Para quem eles realmente trabalham? Qual o objetivo? Como crianças que tentam desvendar os segredos de um mágico na festa de aniversário, tentamos desvendar as informações durante o filme, com a ajuda de um “entregador de truques” profissional (Morgan Freeman, de Seven e Batman), um policial responsável por capturar o grupo (Mark Rufallo, de Minhas Mães e Meu Pai e Os Vingadores) e uma agente enviada da França para ajudá-lo (Mélanie Laurent, de Toda Forma de Amor e Bastardos Inglórios).

Com um elenco desse calibre em mãos, diretor e roteirista constroem um filme que nos arremessa dentro das mágicas dos personagens e, sem maiores pretensões, prende nossa atenção. É bem verdade que os currículos aqui não são dos melhores: os roteiristas Boaz Yakin e Ed Solomon são responsáveis por roteiros como Príncipe da Pérsia e As Panteras, respectivamente. Filmes divertidos e tolos. Já o diretor Louis Leterrier tem uma carreira mais infeliz: dirigiu bombas do calibre de Cão de Briga, Carga Explosiva 2 e O Incrível Hulk com Edward Norton, esculhambado pela crítica e realmente ruim. Mas parece que a mistura deu um bom caldo e felizmente, gerou um ótimo filme.
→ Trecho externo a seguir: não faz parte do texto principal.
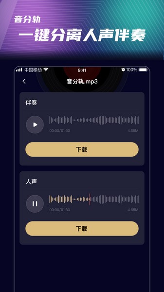 音分轨是一款操作方便的手机音频提取编辑软件。这款软件可以帮助用户快速提取文件中的音频,将原本的音频分离出来单独生成一个文件。软件能够识别文件中不同的音频,伴奏、人声等都可以精准识别并分离出来。在完成音频提取之后用户可以对音频文件进行编辑,可以使用软件内置的推荐编辑模式来快速剪切和添加需要的音频效果。

Além de nos entreter de forma simples porém inteligente, Truque de Mestre deixa ainda uma outra lição: a diversão em um filme é inversamente proporcional à sua duração e pretensão. Ao invés de ter mais de duas horas de projeção, como está virando regra, ele não se enrola em “momentos intimistas” ou longos takes para mostrar a personalidade do diretor ou mudar os rumos do cinema. Em pouco mais de uma hora e meia põe na tela o que deve por. Sem sobras, sem gorduras, sem pretensões a não ser a diversão pura e simples. E assim que é bom! Assim que deve ser!

“Look closely, because the closer you think you are, the less you will actually see”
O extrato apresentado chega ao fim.